I don't know enough about how red dot sights work to answer the first question. In fact, I have no idea how they work.

Yeah, I messed up somewhere. I think...

Putting the magnifier behind the EOTech magnifies both the target and the reticle by the same amount. The 1 MOA dot is a 1 MOA dot in either case-- it just looks bigger because of the magnification, same as a 1 inch target looks bigger through the magnifier, and yet it is still a one-inch target. Simple enough?

Place a magnifier in front of the EOTech and it magnifies the target, but not the dot, so now the dot is 1/3 MOA if you're using a 3x magnifier (the Aimpoint 2x reflex sights do just that, as the doubler is attached to the front of the sight, the target is magnified but the dot isn't. A 4 MOA dot then becomes a 2 MOA dot). You may also be changing your zero, in your EOTech/magnifier-in-front scenario, because if the magnifier is pointed off line-of-sight, the target will change position relative to the dot. Much better to have the magnifier behind the sight.

The bullet is traveling at the same speed as you-- 50 MPH relative to the target, at launch. The bullet's BC will slow it down, but only very slightly at that low velocity, 90 degree component, such that you could largely ignore it (wrong-- see my post below). The bullet will travel at 50 MPH right along with you, for the duration of its flight, so you'd have to aim that much "behind" the target. If the flight time is, say, 0.4 sec then it will travel about 29 feet in your direction of travel before it reaches the jihadist. 'Course one would have to practice this drive-by technique-- if someone can hit a target that small at 300 meters, from a moving vehicle, I'll be ultra impressed, that is unless you're using a long burst from a minigun.

Hmm. My answer came to 21.9 feet, but that was assuming a constant speed of 3100fps.

I got lazy...

Putting the magnifier behind the EOTech magnifies both the target and the reticle by the same amount. The 1 MOA dot is a 1 MOA dot in either case-- it just looks bigger because of the magnification, same as a 1 inch target looks bigger through the magnifier, and yet it is still a one-inch target. Simple enough?I was going to say this, but he nailed it already. Took me some thinking to figure out how they did that.

I made an error: Your 50 MPH scenario would be much like you sitting still and shooting at a moving target in a 50 MPH crosswind. I said you could ignore the wind, but was totally wrong. You just have to know which way to "lead". You're bullet is moving with you at launch.
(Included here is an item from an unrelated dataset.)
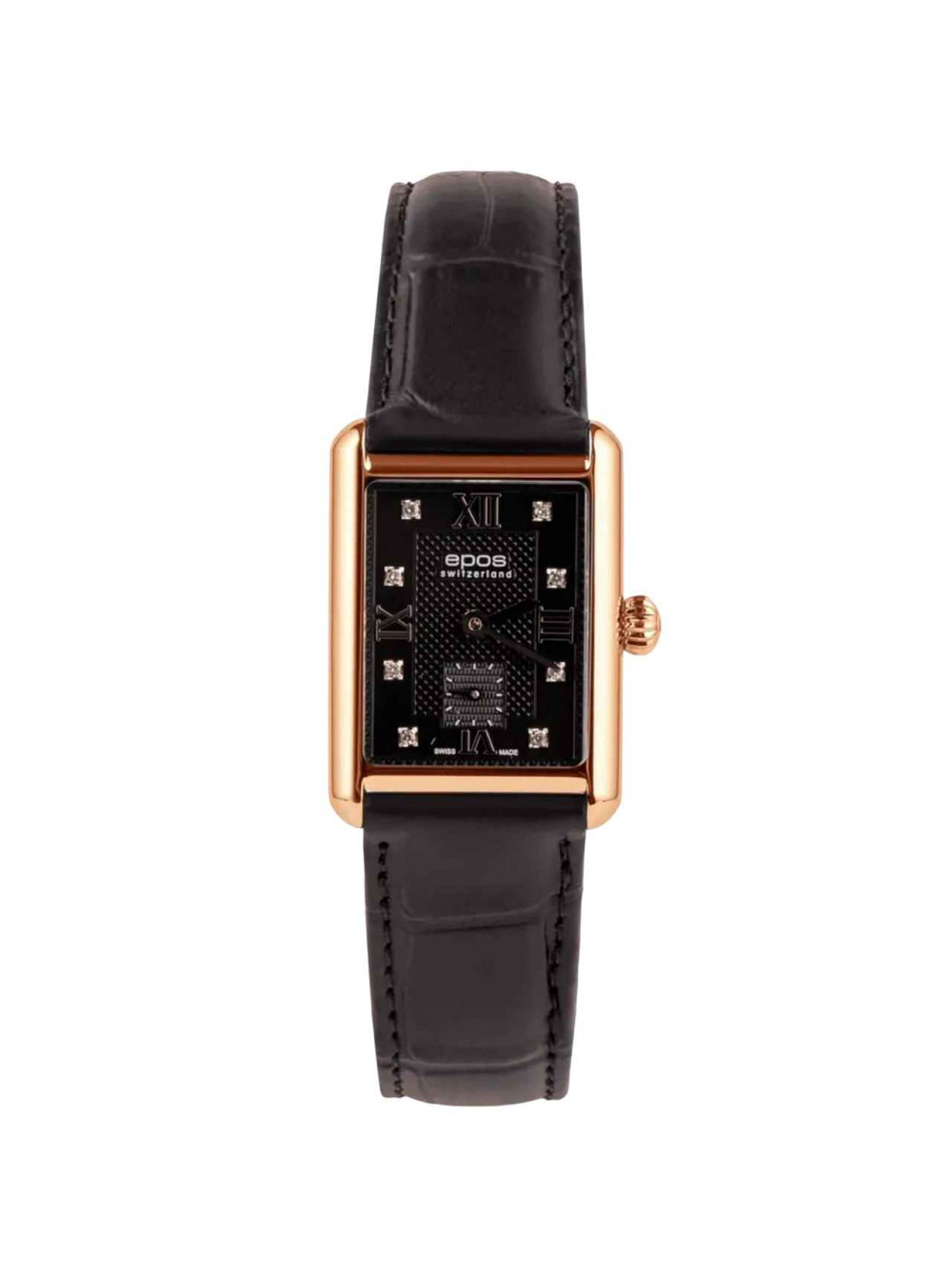 Швейцарские, наручные кварцевые часы EPOS. Вынесенная секундная стрелка. Корпус из нержавеющей стали с PVD покрытием. Сапфировое стекло. На ремешке.

regarding the shot from the humvee.

The fact that you are moving is irrelevant for the 90 degree shot, assuming we are not taking into account human delay.

The target is also assumed to be stationary. Once the bullet leaves the barrel, it will fly straight and true for it's entire path, regardless of how fast or slow the shooter is traveling, or even his direction. You could take your shot then hit the ON button for your lightspeed transporter, and as long as the bullet left your barrel before the transporter moved you, it's all the same.

vermont has some great math, but it is only applicable to the insurgent needing to lead the humvee by 10 feet so the bullet and humvee arrive at the same point at the same time.

Akodo once the bullet leaves the barrel it will move left or right at 50mph. And forward at about 3000 fps.

akodo, if you're moving in a humvee at 50mph, the bullet will already be traveling at 50mph in that direction, when you fire, it will still be going that way.

Andrewsky beat me to it...

an yes, you are right.

I need better internet...

Running "remington shoot ballistics calculator", I find that with a 50 mph crosswind the bullet deflects 69" at 300 yards; time to target is about .36 seconds.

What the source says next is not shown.